Thursday, November 5, 2009

Wait, it's been a whole year?

On Saturday it will have been a year since I started posting to the internet about my fertility, or lack there of. To be honest, I thought a little public shaming might have jump started everything and I'd be knocked up in a month or two. Obviously, I was wrong as it's now a year later and I can't even get an answer on my blood work in a timely manner. However, thank you to every one who has read my rantings and ravings. Thank you for all of the support given when I've needed it. You wonderful ladies have helped make a difficult year easier because I knew I wasn't alone.

So many times here in the world of IF, it seems like even speaking of it aloud is taboo, almost as if it were a disease that could be caught from standing too close. You know, kinda like cooties, only worse. But reading others stories and seeing some of you cross over to the other side has been so wonderful. I've rejoiced with all of you and cried with all of you as well. I guess what I'm trying to say is thank you for everything in the last year and here's to hoping we all make it over in the next year.
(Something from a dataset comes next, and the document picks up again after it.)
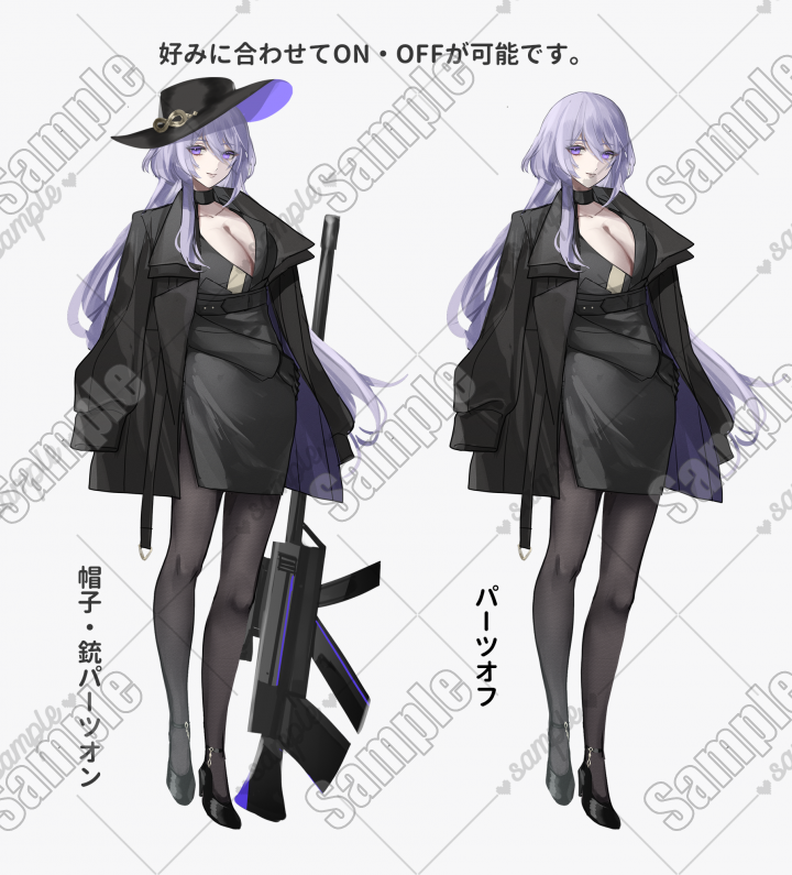 | 内容 | スーツ女性の立ち絵です。銃・帽子等のパーツはON・OFFが可能です。 |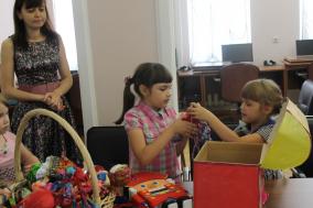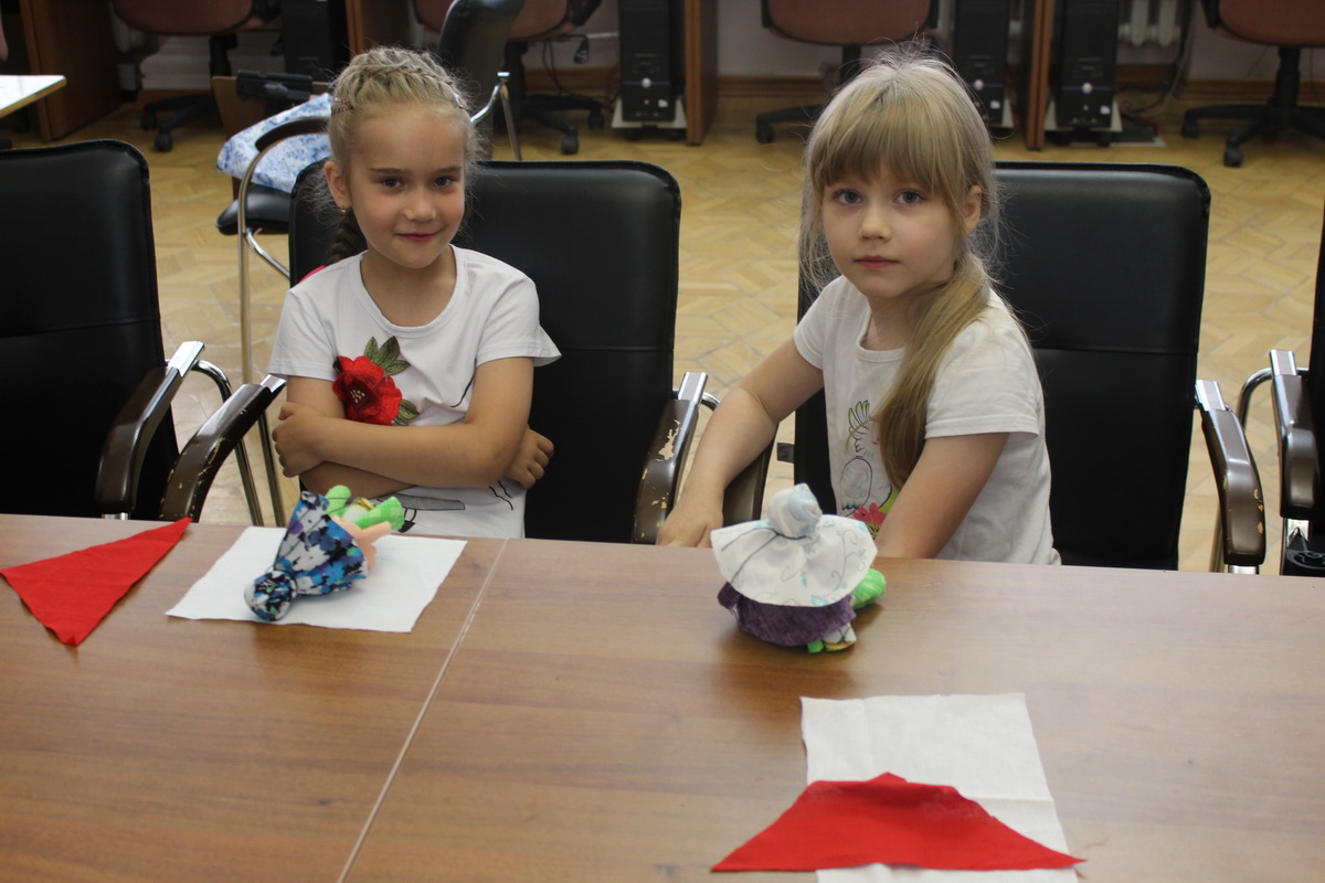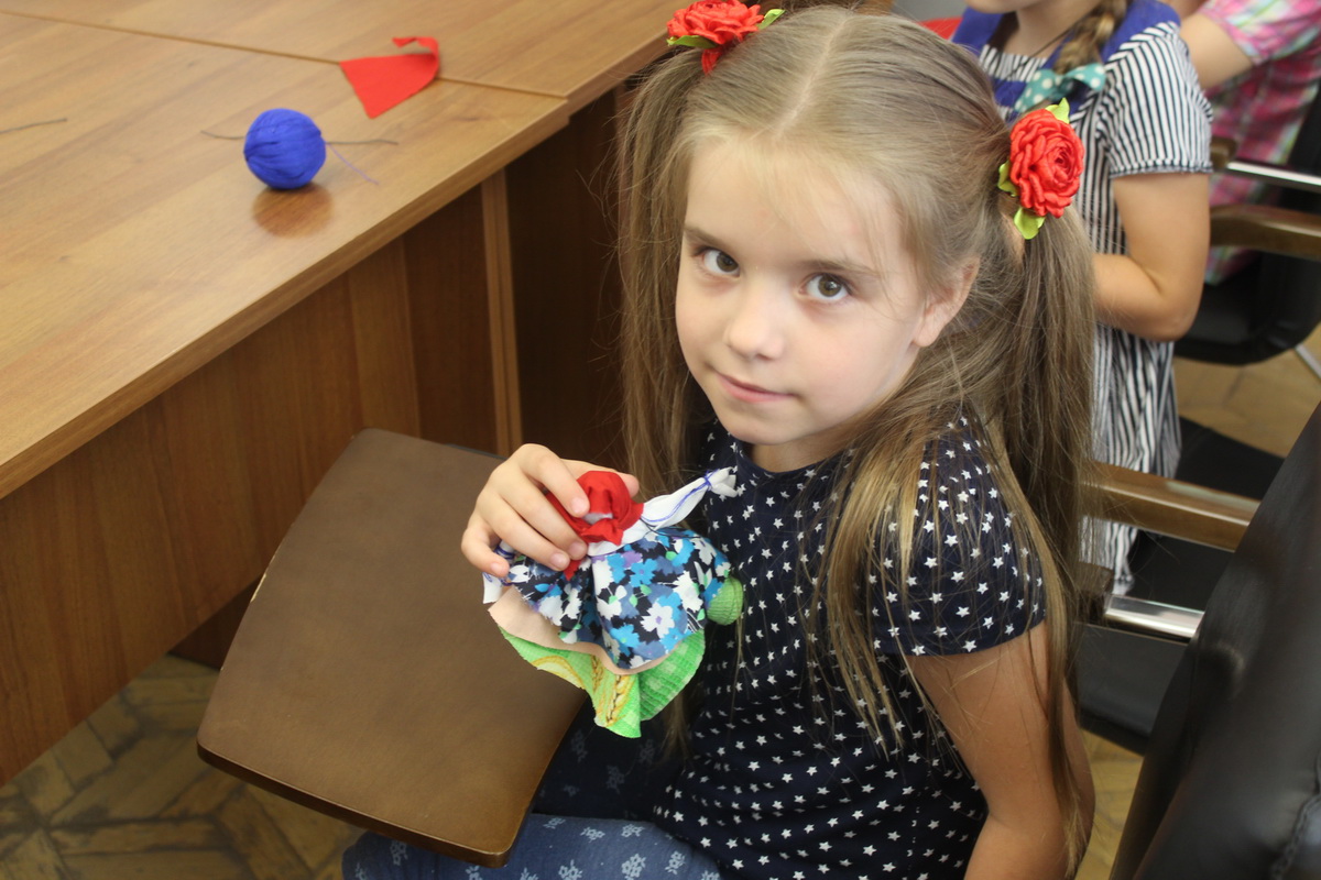 Затем старшие научные сотрудники отдела «Русский музей: виртуальный филиал» Пудовкина Н.В. и Педченко Е.В. провели мастер-класс для детей по изготовлению куклы – «Колокольчика». Считается, что эта кукла приносит в дом радость и веселье, это оберег хорошего настроения. Также и у детей получились радостные, весёлые, непохожие друг на друга куклы.

Wednesday, November 4, 2009

CD2

Blah. It's 3 days early. Last night, I drank half a bottle of wine. I'm drinking the other half tonight.

No word yet on the blood work. I called the office to see if they had my numbers, but they don't. I find it odd as the lab I go to is really good about getting the results in within a day. Maybe tomorrow, right? I just hope they don't order CD 3 blood work once they get the results since tomorrow is CD 3. I'd really hate to wait the whole cycle without any answers. As for the SA, we've decided to do it next week to give all cold medicine time to work its way out of P's system. Better safe than sorry, right?

Monday, November 2, 2009

Blood work - check

Today I went and got my blood work for the CD22 analysis. My GYN has listed me as anovulatory for the moment. We'll see what comes back in the next couple of days so that maybe I can get an answer or two.

P's SA has not yet occurred. He was ill for most of the last week. We will need to do this soon, but does anyone know what effect cold medication has on counts? How long should we wait before doing this? We are to collect here and then take to the lab when it's completed so we don't have to worry about rescheduling a specific date. However, this is something we'd like to get done sooner as opposed to later.

Once I have some numbers and hopefully some answers, I will post again.